Insurance generally refers to a legally enforceable contract—known as an insurance policy—in which an insurance company (the insurer) agrees to (1) defend the person or entity who purchased the policy (the insured) against future claims or lawsuits; and (2) pay for losses (usually financial) that are covered under the written terms of the insurance policy.
These two primary legal obligations of an insurer under a liability insurance policy are known as the duty to defend and the duty to indemnify.
Insurance may be purchased to cover a wide range of future claims or losses—ranging from health insurance to pay future medical expenses, to commercial general liability (CGL) to cover future claims and losses incurred by a business.

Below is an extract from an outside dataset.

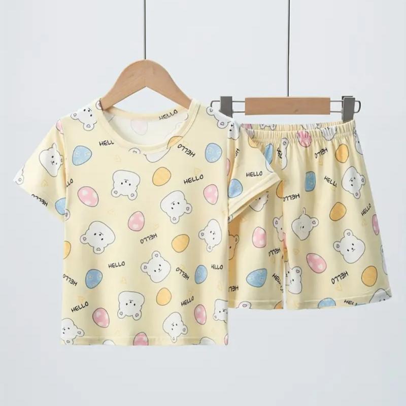 Літній дитячий піжамний комплект з миленьким кроликом та візерунком яєць Пасхи - Базові, круглий виріз, короткий рукав, трикотажна тканина, приемна до тіла,вільний крій, ідеально підходить для дітей, легке розтягування. рр

In Arkansas, insurance is regulated by state statutes and overseen by the Arkansas Insurance Department. The duty to defend and the duty to indemnify are fundamental obligations of an insurer under a liability insurance policy. The duty to defend requires the insurer to provide legal defense for the insured against claims or lawsuits that fall within the scope of the insurance coverage. The duty to indemnify means the insurer must pay for any covered losses or damages that the insured is found liable for, up to the policy limits. Insurance policies in Arkansas can cover various risks, including health insurance for medical expenses and commercial general liability (CGL) insurance for business-related claims and losses. Policyholders in Arkansas are protected by state laws that require insurance policies to be clear and enforceable, and insurers must act in good faith and deal fairly with insured parties. Failure to adhere to these duties can result in legal action against the insurer, including claims of bad faith.